Yes, if I thought it was wise in my best interest to save $50,000-100,000 for a 100-200,000 house, then it's likely possible. Although, I don't think this is wise use of money. $30,000 is sufficient... waiting to get to 50-100,000 is just wasting time in my opinion.
Revolving credit, such as credit cards, are a BIG part of the calculation of a FICO score. Avoiding revolving credit entirely will severely impact your score. Fact of life.


Quote:
Originally Posted by DavidBibby View Post
You may be right about that. On the other hand, if he's able to live with his parents awhile longer... he could have ample time to build the assets upon which he wouldn't need to use credit for these things. We just don't know enough about this particular 22 year old to say which way is the right way.
Not everyone has the option to continue living with his/her parents until they've built up a 50% down payment on a house. Don't parents deserve to have an empty nest? As soon as a child finishes college, it's time to stop being sheltered and enter into the real world. There is a HUGE growth in maturity, emotionally, and financially that occurs when a child moves out of home.

Quote:
Originally Posted by DavidBibby View Post
Will you still need credit after you have obtained a mortgage and paid your house off? What would you need it for then? Investment Real Estate?
On a brief note, sure. And car loans. This individual believes that low interest loans below 8% on real estate and cars can be maintained for the duration of the loan. Sure you lose money in the meantime on interest, but the money you would be using to pay down the debts earlier could be better used investing in the SP500 index (and other similar indexes) which average 10%+ each year.

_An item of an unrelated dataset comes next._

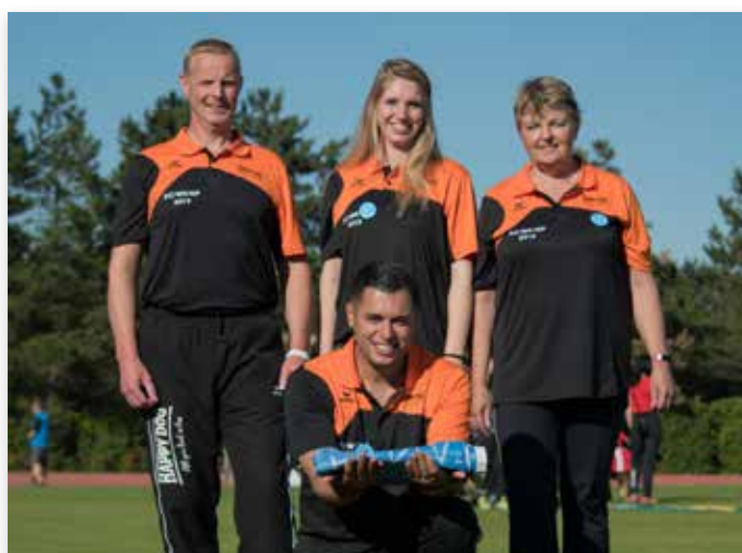
Overdracht FCI-vlag voor WK 2020

Examples explain it very well. I can share some if you're interested. But basically, why prepay a 3.8% loan when the money could be making 8-12%/year instead?

Of course, he's only able to get ridiculously low loan interest rates because of an amazing FICO score. For the record.

Quote:
Originally Posted by DavidBibby View Post
You CAN build your FICO score without credit cards... but I will concede the fact that the best and easiest way to build, raise, and maintain your score is to get a credit card, pay it off in full every month, and don't charge more than 10% of the maximum limit.
True. Hence why I wouldn't advise this person who is seeking advice to avoid revolving credit. It's a big part of a FICO score.

Quote:
Originally Posted by DavidBibby View Post
It's a RARE person who can do that. It's even more RARE for a 22 young person such as yourself to do that.
People reading this have already proven themselves to CARE about their personal finances. They're already making a big step in the right direction. I'm willing to place some trust in the person that is taking steps to educate themselves on credit and use credit correctly.

Quote:
Originally Posted by DavidBibby View Post
As far as using the FICO for employment.. the only time I've ever heard of it being a factor is if you're doing into the FINANCE industry. Even then.. I've never heard of anyone being turned down for a job solely on the FICO score.
Incorrect. I know an example of a lawyer and a doctor that had their scores evaluated.


Quote:
Originally Posted by DavidBibby View Post
There IS life without credit, for both the young person and the guy in his 40's
Yes. I just don't want that life. I think I can, and others can, use credit to his/her advantage.

Quote:
Originally Posted by DavidBibby View Post
Considering the fact that 96% of people DO NOT reach financial independence in their lifetime and that they paid over 1/3 of their lifetime income in finance charges and interest, I choose not to use credit ever again, for ANYTHING.
Where are those statistics from? I'm interested in how that is actually determined.